The Nigeria Tobacco Control Alliance (NTCA) has expressed concern that government agencies still hold meetings with tobacco industries, despite the health challenges tobacco usage poses on Nigerians particularly the youths.
The Alliance who noted this while briefing newsmen in Abuja on “Stop Tobacco Industry Interference: Enforcement Graphic Health warnings now”, reminded the concerned agencies that the offices they hold is based on public trust and must be used in the health interest of all Nigerians.
The Chairman of NTCA, Mr Akinbode Oluwafemi, represented by the Programme Manager, NTCA, Mr Chibuike Nwokorie, stressed that the World Health Organization (WHO) estimates that the economic costs of tobacco-related illnesses amount to billions of dollars.

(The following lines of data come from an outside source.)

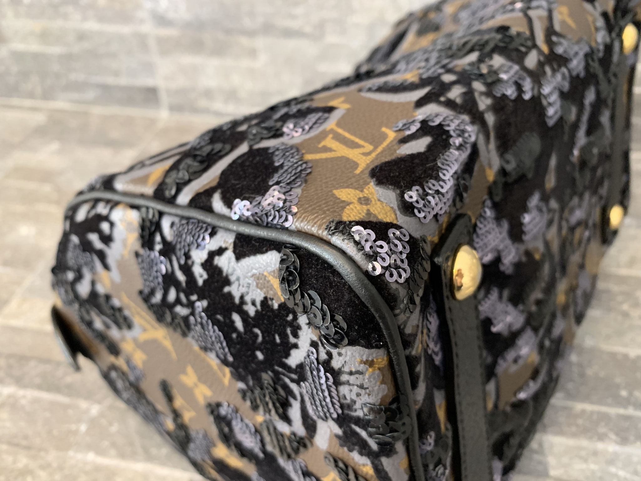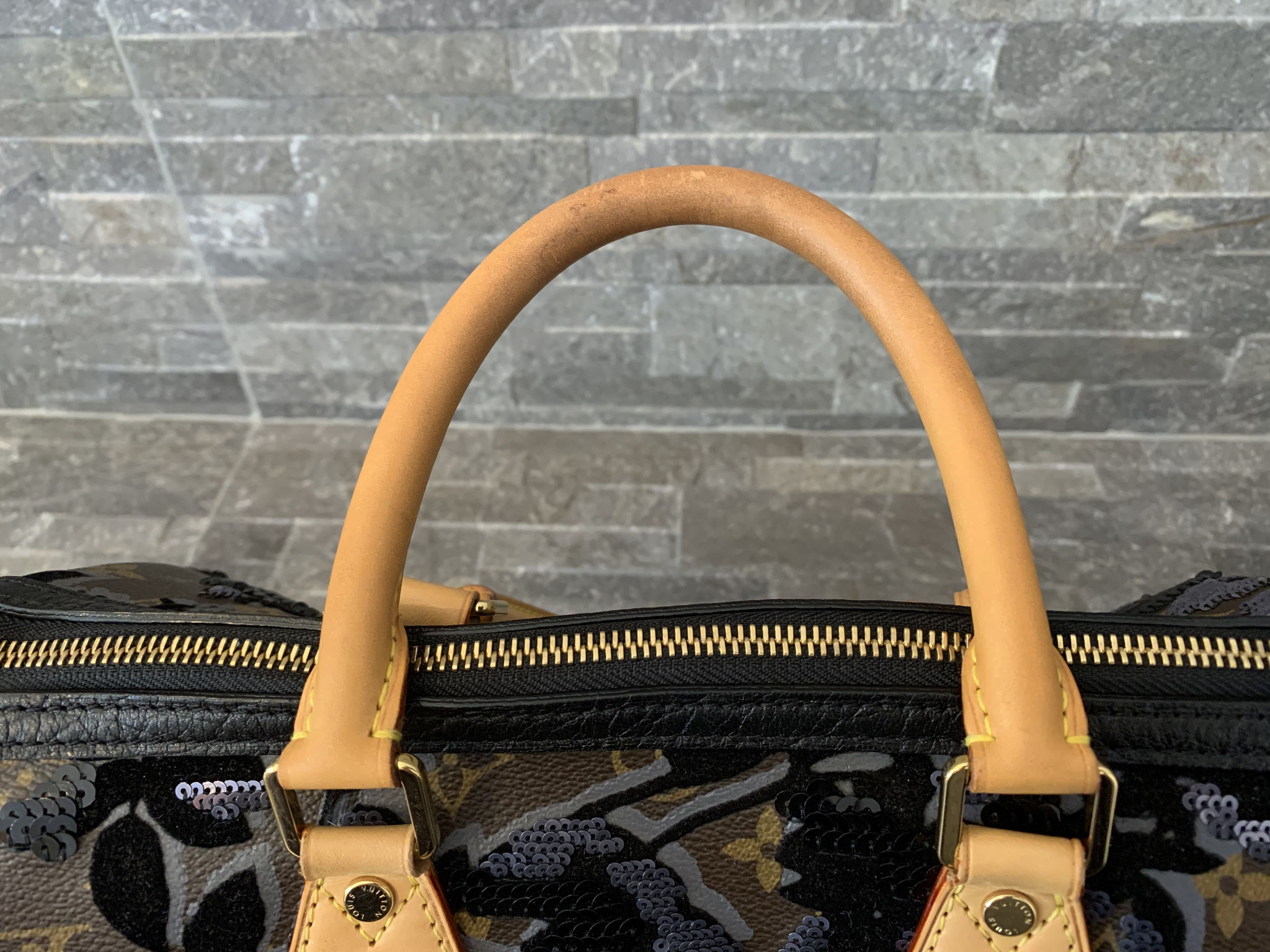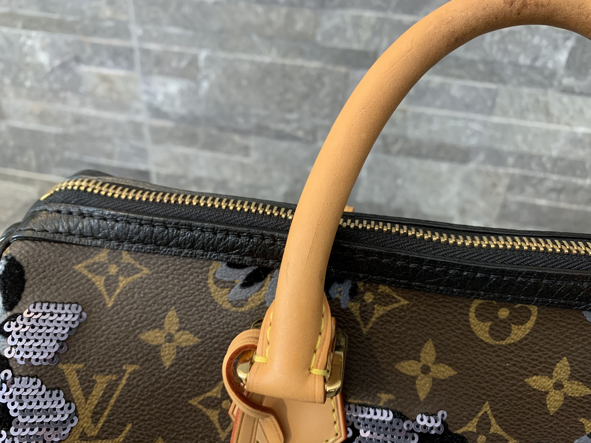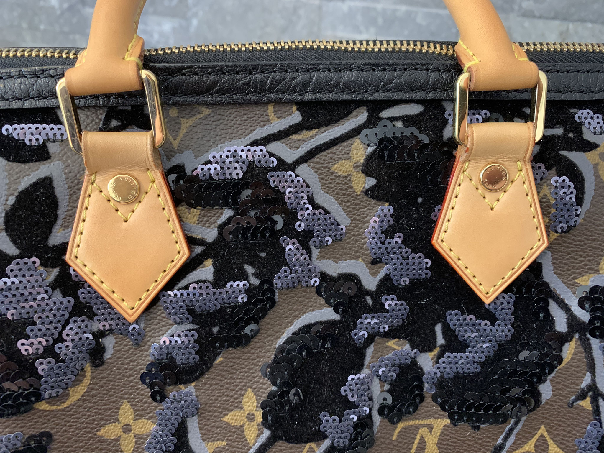 Louis Vuitton Monogram Fleur De Jais Speedy 30, abnehmbares Schlüsselglöckchen, Schloss, 1 Schlüssel
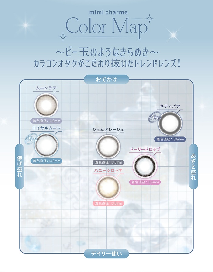 | 着色外径 | 13.0mm:ロイヤルムーン、ムーンラテ 13.5mm:ハニーシロップ、ジャムグレージュ 13.6mm:ドーリードロップ 13.8mm:キティパフ |
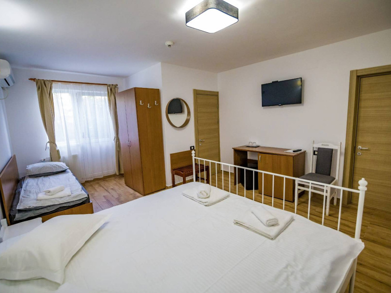 Camera Tripla - are pat matirmonial si un pat pentru o persoana, este spatioasa si potrivita pentru trei persoane, familii sau grupuri mici. Este dotata cu baie proprie cu dus, aer conditionat, Wi-Fi, frigider, uscator de par, aparat anti-tantari si prosoape incluse, iar curatenia este efectuata zilnic.
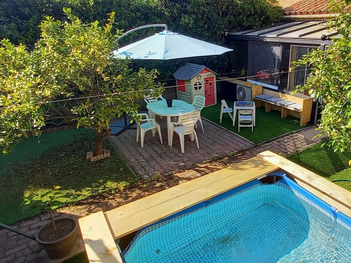 Baru-baru ini diubahsuai, datang dan temui "rumah pantai" dengan hiasan bohemia. Letak kereta dan nikmati lokasinya yang indah: pantai, kedai, pasar dalam jarak berjalan kaki 5 minit. Bersantai di kolam renang air panas dengan pantai dan kawasan makan teduh Dapur lengkap, barbeku, 3 bilik mandi, penyaman udara di semua bilik Untuk keselesaan anda: - 2 suite dengan katil saiz king (termasuk 1 di tingkat bawah) - 1 bilik tidur dengan katil saiz king - 1 asrama dengan 4 katil kanak-kanak
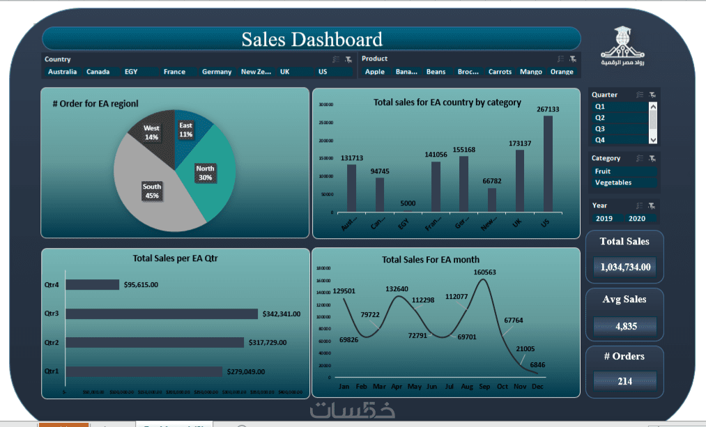 تصميم لوحات تحكم تفاعلية (Interactive Dashboards) احترافية وجذابة باستخدام (Power BI, Tableau, Excel).
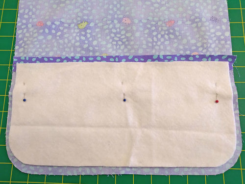 - With the sewn pocket still flat and wrong side up, place the batting panel into position. The upper edge of the batting should just cover the seam by about ⅛”. Along the sides and bottom, there should be ½” of fabric showing beyond the batting. Lightly pin in place.
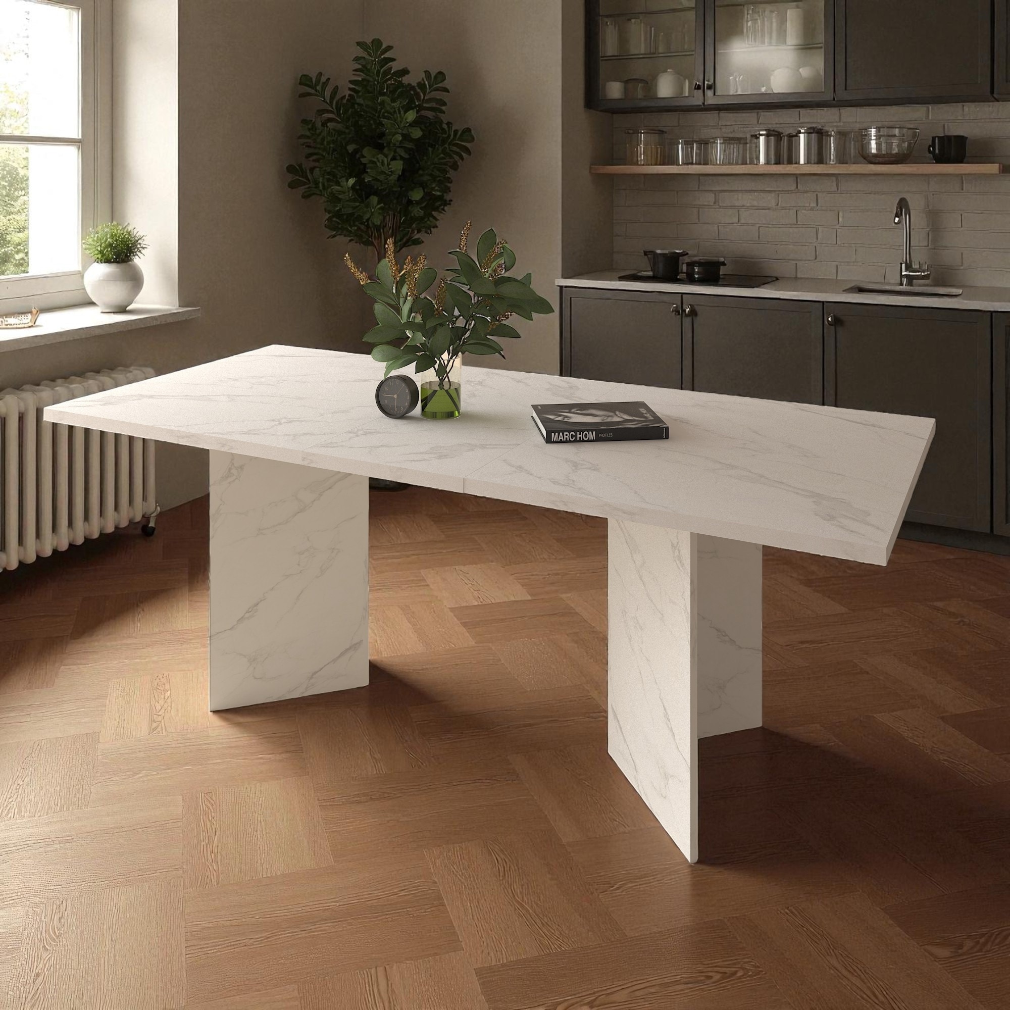 Extendable Faux Marble Dining Table for 6-10, Modern Rectangular Expandable Kitchen & Conference Table with V-Leg Base

He also called on Standards Organizations of Nigeria, Federal Ministry of Health, the Nigeria Police Force, Federal Competition and Consumer Protection Commission, Nigeria Customs Service, Nigeria Security and Civil Defence Corp, and all agencies tasked with enforcement of tobacco control laws to save Nigerians by beginning the enforcement of the graphic health warnings policy without delay on all tobacco products.
He said that recognizing this, Nigeria ratified the WHO Framework Convention on Tobacco Control (FCTC) in 2005, and enacted the National Tobacco Control Act in 2015, signaling its commitment to implementing evidence-based strategies to end tobacco consumption.
He said one of these strategies is the graphic health warnings policy contained in the National Tobacco Control Act of 2015 and the National Tobacco Control Regulations approved in 2019.
“According to a recent study by the Institute of Clinical Effectiveness and Health Policy in collaboration with an indigenous research group, the Centre for the Study of the Economies of Africa; a full implementation of the graphic health warnings policy will end 11,744 deaths caused by tobacco use; prevent 32,608 illnesses attributed to tobacco use and save the country N6.7m in healthcare costs annually.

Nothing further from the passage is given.